DATA FOR PROCESSING:
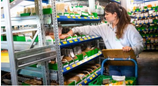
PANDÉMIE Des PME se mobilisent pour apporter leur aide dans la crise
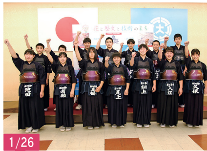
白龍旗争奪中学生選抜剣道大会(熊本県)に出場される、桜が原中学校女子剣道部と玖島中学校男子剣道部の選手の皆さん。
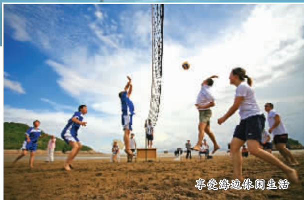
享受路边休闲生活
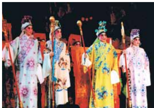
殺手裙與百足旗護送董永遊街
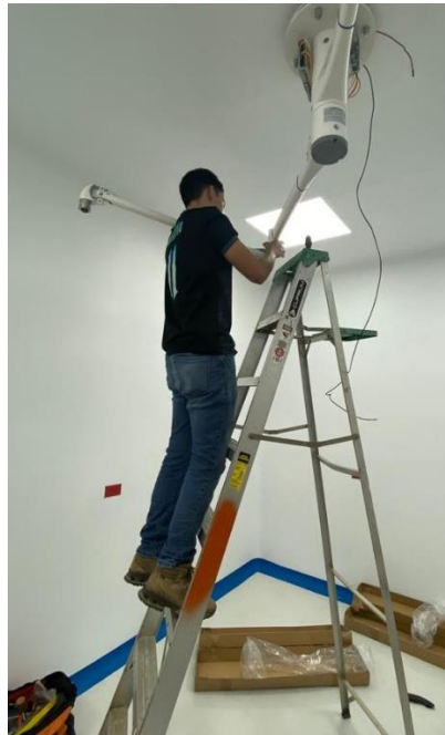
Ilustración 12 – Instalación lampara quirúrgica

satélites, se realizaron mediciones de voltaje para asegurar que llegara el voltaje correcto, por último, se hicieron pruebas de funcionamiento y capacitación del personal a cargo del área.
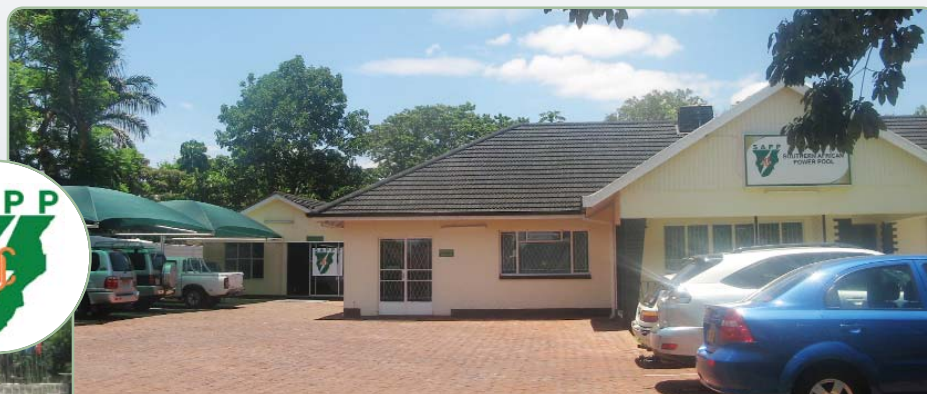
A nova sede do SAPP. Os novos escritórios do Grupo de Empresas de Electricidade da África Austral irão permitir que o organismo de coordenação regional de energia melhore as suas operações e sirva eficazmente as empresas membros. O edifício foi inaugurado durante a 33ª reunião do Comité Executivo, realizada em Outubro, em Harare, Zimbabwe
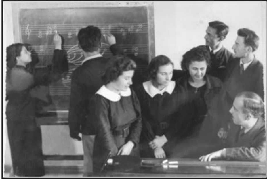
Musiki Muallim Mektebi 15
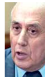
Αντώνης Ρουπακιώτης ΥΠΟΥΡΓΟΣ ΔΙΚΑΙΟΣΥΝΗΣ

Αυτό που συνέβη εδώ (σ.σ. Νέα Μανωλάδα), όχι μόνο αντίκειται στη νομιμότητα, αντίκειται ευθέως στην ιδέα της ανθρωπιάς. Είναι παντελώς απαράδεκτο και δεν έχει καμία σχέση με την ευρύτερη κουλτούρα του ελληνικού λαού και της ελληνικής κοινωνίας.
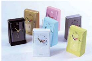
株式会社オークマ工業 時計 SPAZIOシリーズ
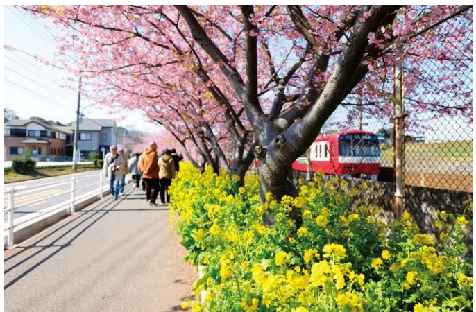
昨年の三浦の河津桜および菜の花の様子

...

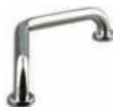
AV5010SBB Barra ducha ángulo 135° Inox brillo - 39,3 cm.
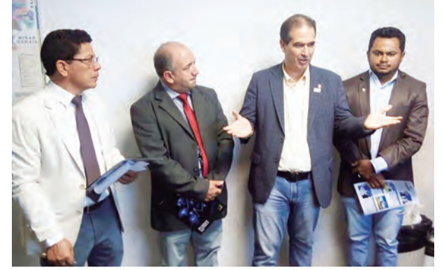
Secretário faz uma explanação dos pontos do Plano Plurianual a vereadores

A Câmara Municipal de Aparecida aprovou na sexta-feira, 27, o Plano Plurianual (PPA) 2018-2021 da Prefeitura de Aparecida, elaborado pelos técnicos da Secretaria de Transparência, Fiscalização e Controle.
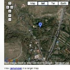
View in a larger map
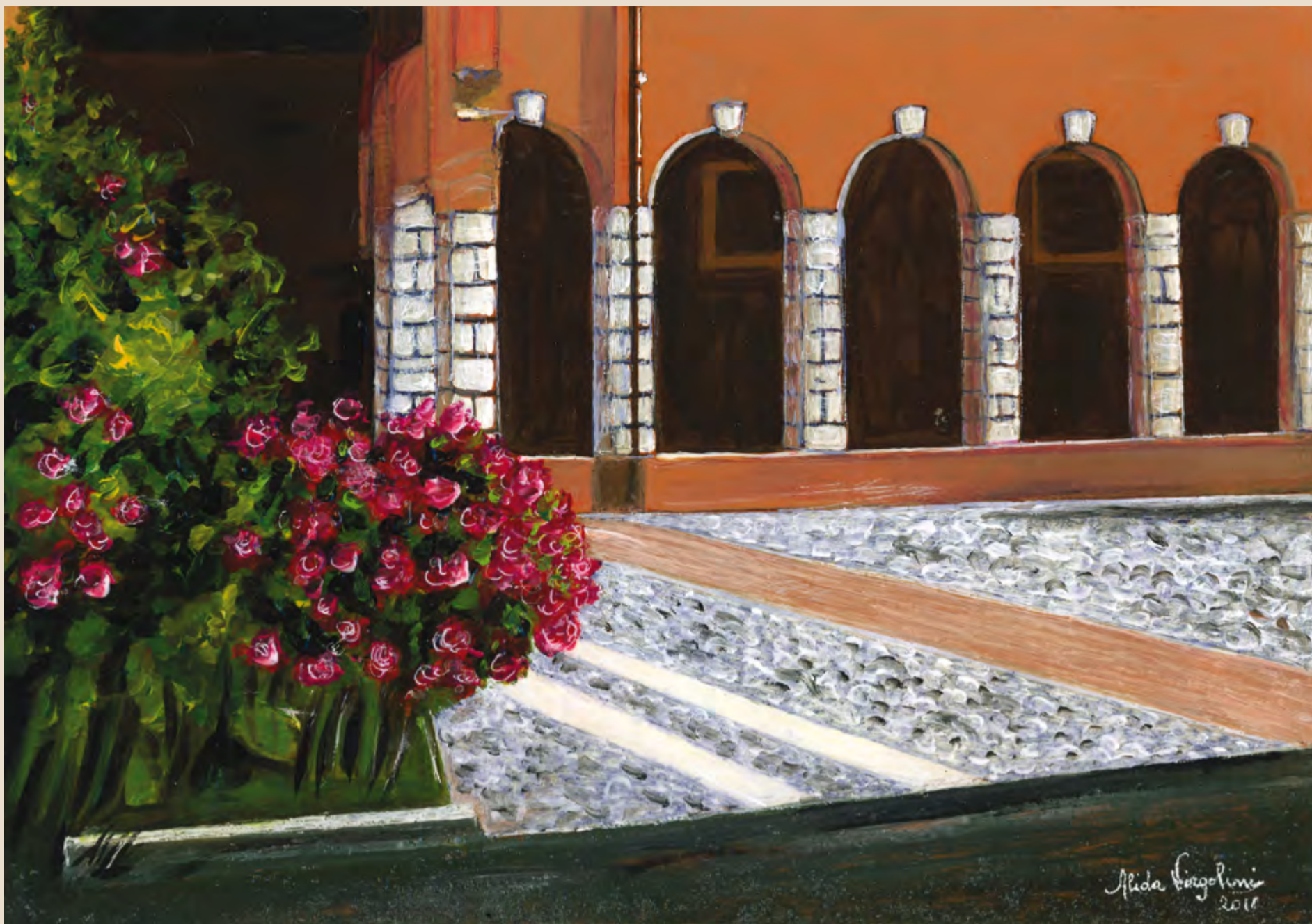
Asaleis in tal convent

WORK TO COMPLETE: Which lines of the data above contain "Plurianual"? Copy each one.

YOUR RESPONSE:
Secretário faz uma explanação dos pontos do Plano Plurianual a vereadores
A Câmara Municipal de Aparecida aprovou na sexta-feira, 27, o Plano Plurianual (PPA) 2018-2021 da Prefeitura de Aparecida, elaborado pelos técnicos da Secretaria de Transparência, Fiscalização e Controle.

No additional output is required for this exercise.